In other words, everyone's riding together on a giant rolling metaphor, and Snowpiercer concerns the violent revolution that transpires as Chris Evans' caboose-leader and his fellow insurrectionists steady their nerves, pack their weaponry, and make their way to the head of the train. I'll say no more about the narrative, which, seriously, was sometimes so startling that I audibly gasped, and then laughed out loud for gasping. But if you're a similar fan of Bong's 2006 monster epic The Host (and I'm embarrassed to have not seen 2009's Mother yet), know that his latest is equally suspenseful, unnerving, and scary/funny, just without the tentacles. Know that the stuntwork is fantastic, the staging superb, and the production design topnotch.
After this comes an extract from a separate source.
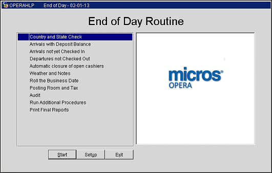 As OPERA has its own system date, it is not automatically changed at midnight but after finishing the End of Day sequence. Therefore, it is possible to run the End of Day sequence the next morning. In this case however, it must be considered that all revenues and payments which are posted before the End of Day sequence statistically belong to the old date. Also, fixed charges have not yet been posted. If there are check-outs before the End of Day sequence, advance folios must be printed.
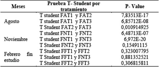 Los datos fueron sometidos a análisis estadístico mediante la prueba T- Student con probabilidad del 95% de nivel de significancia.

Know that the laughs are plentiful, and almost always unanticipated. ("Happy New Year!") And know that despite their comic-book-bubble dialogue, the cast boasting John Hurt, Jamie Bell, Octavia Spencer, Alison Pill, and the vibrant South Korean performers Song Kang-ho and Ko Ah-Sung is marvelous - and that none of those actors is more marvelous than Tilda Swinton. In her role as an alternately sneering and sniveling villain with comically oversize glasses and teeth, Swinton is so forceful and fearless and cheerfully weird that this might mark a new high point in her estimable gallery of screen eccentrics. We may not be getting her on the screen size she deserves in Snowpiercer, but thankfully, as ever, Tilda Swinton doesn't need a cineplex to be gloriously larger-than-life.